That is, when the operator rotates the roller position adjusting levers 653 and 654 of the second bending roller 650 at the same time while looking at the bending angle meter 655, the position of the second bending roller 650 moves ( j), and thus the multilayer strip 111 " can be bent to have a larger or smaller circumferential ratio.

In addition, a hinge shaft guide roller 720 hinged to the flange bending machine 600 at the same speed and finite fan shape as the multilayer strips 111 'and 111 " that is bent is attached to the side of the substructure 100. The hinge shaft guide roller 720 is a support cantilever that is rotatable about a hinged fixed axis, and a rotatable roller 725 is coupled to an upper end of the hinge shaft guide roller 720. A chain 726 connecting 100 is coupled so as to hinge only at a finite angle.

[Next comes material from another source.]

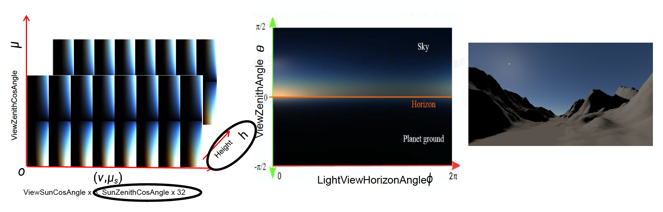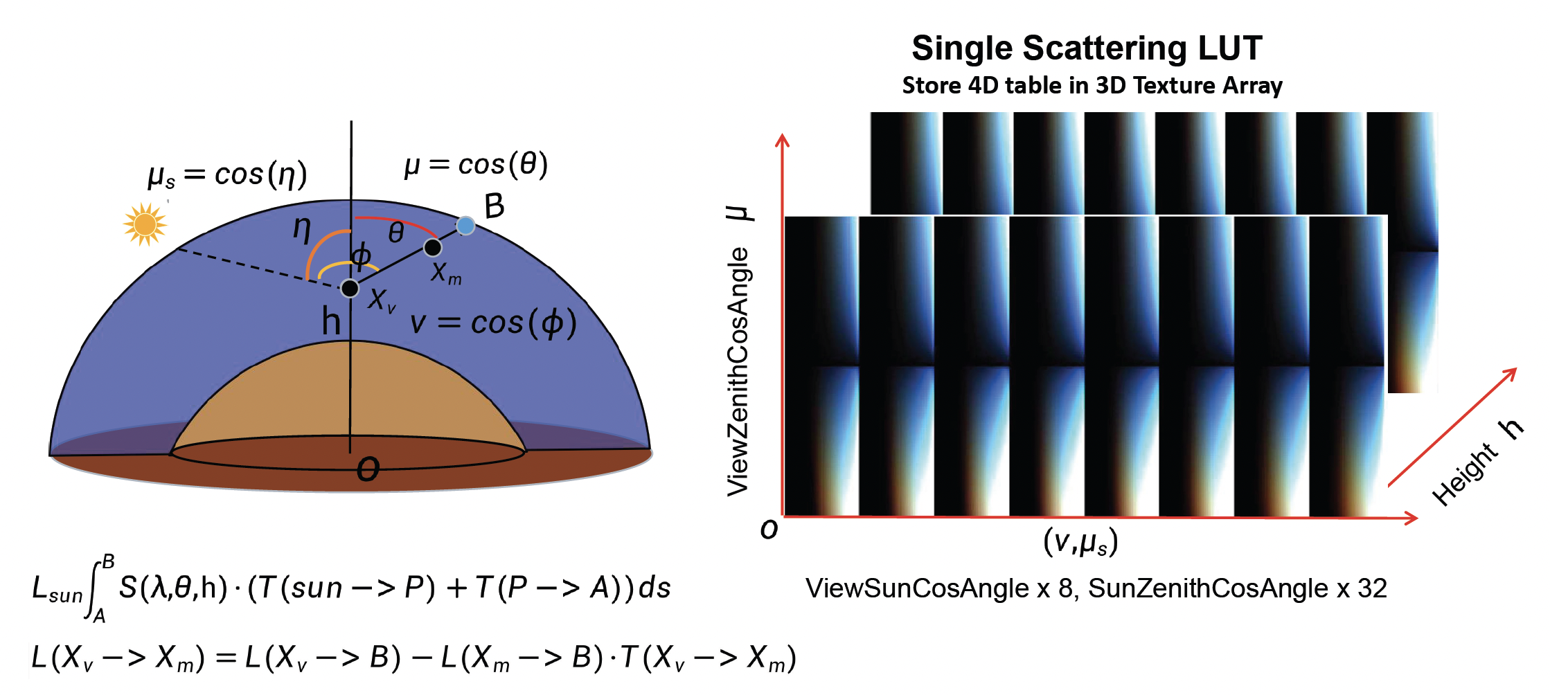 ) ,对每种组合采用光线步进,沿视线累积一次散射光强 - 虽然四维数据无法直接存储到 GPU 的标准纹理中,但开发者运用巧妙的参数化将其压缩为 3D 纹理:利用大气的球对称性质,将一些维度固定或合并

In the following, a method for manufacturing a multilayer flanged cylindrical unit of a storage tank as described above will be described.

As shown in FIG. 9, the operator manipulates a hoist gear to raise and lower the load by the chain, mounting each strip coil to the appropriate strip feeders, and turning on the power switch of the control panel. In this case, the power lamp is on and the system enters a standby state (S10).

The operator then turns on the auto run / stop switch for manual operation, and on the auto / manual select switch. And when the operator operates the deformation straightener roller forward / reverse switch, the strip feeders and the deformation straightener rotate at a slow speed, for example a rotation speed of 0.1 m / s. Thus, three types of strips are guided by the workers towards the strain straightener as they slowly exit the angled strip feeder. At this time, the workers while holding the ends of the strips by hand to move together, inducing the ends of the strips to enter between the calibration rollers of the deformation corrector (S20).

The strips introduced between the straightening rollers are continuously rolled by the straightening rollers of the straightening roller and smoothly spread to form a multilayer strip (S30).

This multi-layer strip is continually advanced by the calibration rollers and is moved towards the strip cutter, where the wheel length measuring device installed at the inlet of the strip cutter is operated from the point of contact with the multi-layer strip and continuously moved. Measure the length. The multi-layer strip, on the other hand, is further advanced by the orthodontic rollers, penetrating the space between the working blade and the stationary blade of the strip cutter and entering the flange bending machine. The flange bending machine gradually bends both ends from the front of the multilayer strip to continuously form the upper and lower flange portions on the multilayer strip (S40).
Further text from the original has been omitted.